From IPDS to a state transformed
IPDS urban gains were mirrored by its rural counterpart, through the Deendayal Upadhyaya Gram Jyoti Yojana, and by Saubhagya’s household electrification drive. Together, they laid the physical and commercial foundations on which the Yogi Adityanath government built the supply expansion of recent years. The state’s own account of that period of Uttar Pradesh, in the government’s words, was “once known for power shortages, unscheduled outages and a weak electricity infrastructure,” and has since established “a new identity in power generation and supply.” Between 2014 and 2017, consumers could not get power to match demand despite tariffs rising steeply, the state by 2026 was meeting record peak demand while extending supply beyond the fixed roster.
Part of what made the difference was coordination between a Union scheme and a state administration pulling in the same direction. A centrally sponsored programme like IPDS can sanction funds and set milestones, but the laying of cable, the acquisition of substation land, the clearing of encroached rights of way and the enforcement against theft all fall to the state and its distribution companies.

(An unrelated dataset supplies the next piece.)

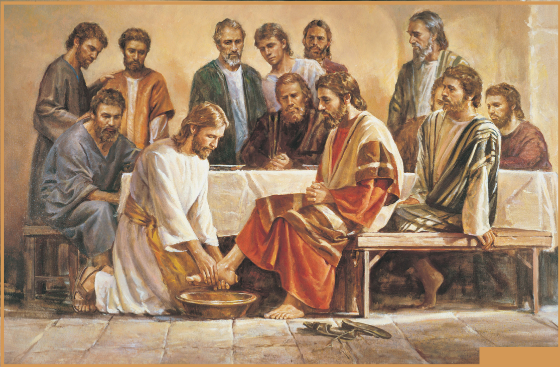
Jesus Washing the Feet of

The alignment of central financing with sustained state execution—what the government describes as the double-engine model- lets projects that might elsewhere have stalled move from a detailed project report to an energised line. Ayodhya’s extended funding window and the concentration of effort in Varanasi both reflect that alignment at work.
“Uninterrupted electricity supply is being ensured across all regions of the state despite extreme heat and steadily rising demand.”- Yogi Aadityanath.
The supply roster fixed under the state government 24 hours for district headquarters, 21.5 hours for tehsil headquarters and 18 hours for rural areas, now functions as a floor rather than a ceiling, with towns and cities receiving near-continuous power and villages drawing between 22 and 22.5 hours daily. The scheme that began as buried cable in Varanasi thus reads, in hindsight. As the opening chapter of a longer distribution turnaround, first fix the network, then meter it honestly, and only then can a round-the-clock supply be promised without embarrassment.
Honesty about the unfinished parts strengthens rather than weakens the record. Loss reduction on the scale achieved in the Varanasi IPDS zone has not been uniform across every town, and citizen grievances about outages persist in pockets. A reminder that a fixed network still demands continuous maintenance. The distribution companies carry heavy accumulated deficits, and the financial turnaround of the utilities trails the physical one. It is also fair to note that Varanasi and Ayodhya received concentrated attention as flagship cities; the task ahead is to spread that same rigour to every district headquarters and beyond.
In the city of Kashi, where light has been a sacred idea for millennia, the removal of the overhead tangle and the recovery of stolen power was a quiet act of restoration of order, dignity and promise. IPDS will be remembered less for its acronym than for what it demonstrated that with political will, verified metering and honest engineering, even India’s most burdened distribution networks can be made to keep the light on. That is the enduring lesson Uttar Pradesh has written, cable by buried cable, from Varanasi to Ayodhya.